Незаметно одну посудинку опустошили, и Саня из дерматиновой сумки, стоящей подле, выудил вторую.
— Да я здесь, если хошь, каждый камешек знаю! Мне город-то — во! — черкнул Степушка ладонью по шее. — Думаешь, я тихоня, сопля. А фигуру из трех пальцев не? Я над собой не дам плясать. У меня силы хватит, не гляди, что тощой… Парня одного изуделал, на аптеку поныне работает. Не захотел, зараза, пол в комнате мыть. Давай ереститься, давай выгибаться на публику: я не я и рожа не моя. Его очередь, а он фраера корчит. Морда во, кирпича просит… Я только на вид худой, слышь! В кровь его, собаку, уделал! Сейчас первым лапу подает. Ты меня, Санька, не знаешь…

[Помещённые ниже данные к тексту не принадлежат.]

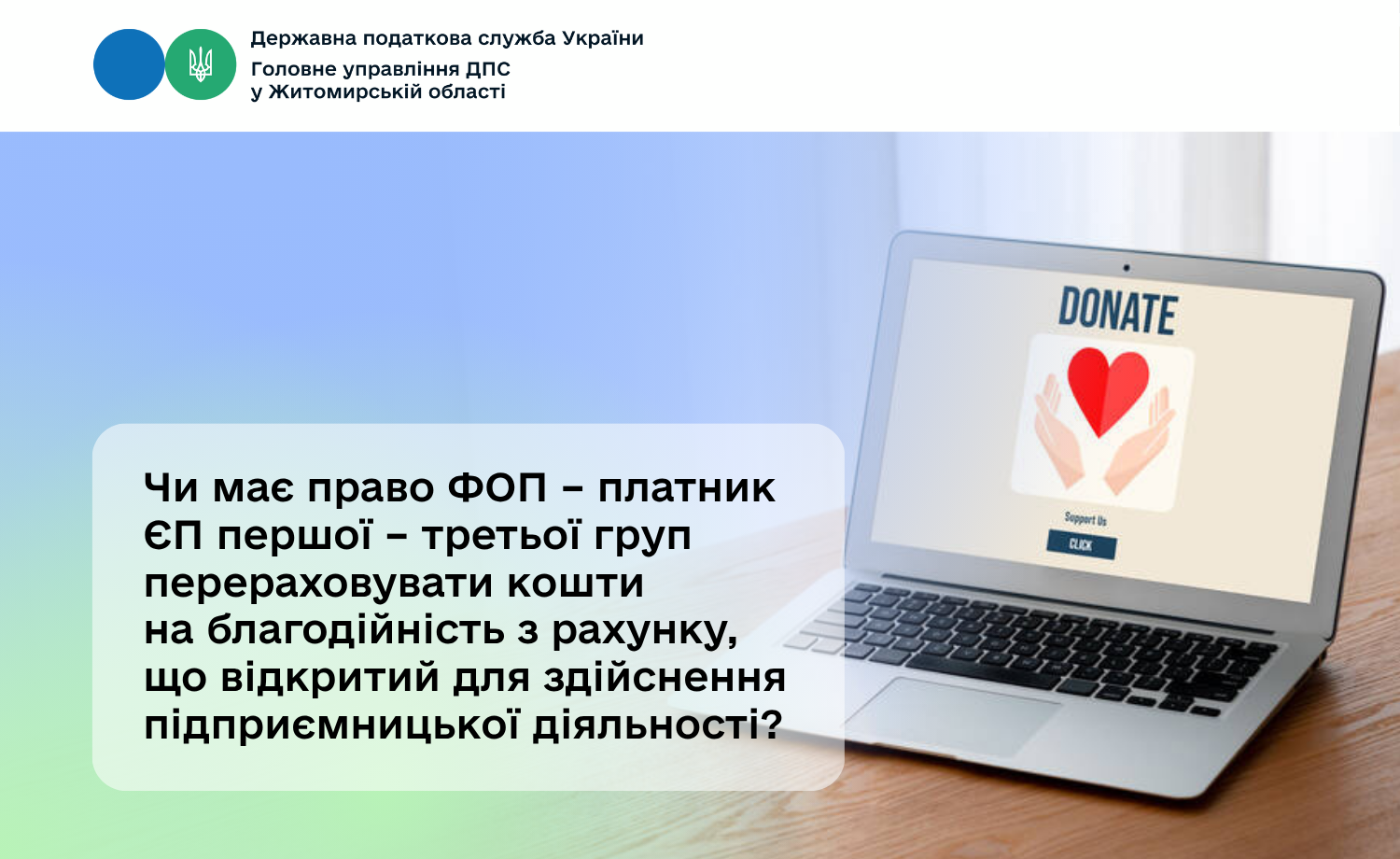 Чи має право ФОП – платник ЄП першої – третьої груп перераховувати кошти на благодійність з рахунку, що відкритий для здійснення підприємницької діяльності?

— Ладно, братуха, не кипятись. Может, баиньки! — Саня приобнял Степушку за плечи, пробовал повалить на брезент, а сам уж раскис весь, безвольно обмяк, готовый в ту же секунду забыться. Да и то сказать: на старые дрожжи, да новый хмель — много ли тут надо, одна лишняя рюмочка любого питуха с ног кинет. Но Степушка распалился, заартачился, обидно думалось, что и здесь ему не верят, родной брат насмешки строит. Схватил Саню под мышки, пробовал поднять, орал в самое ухо:
— Я тебе покажу… не веришь, да? Я такой омуток знаю…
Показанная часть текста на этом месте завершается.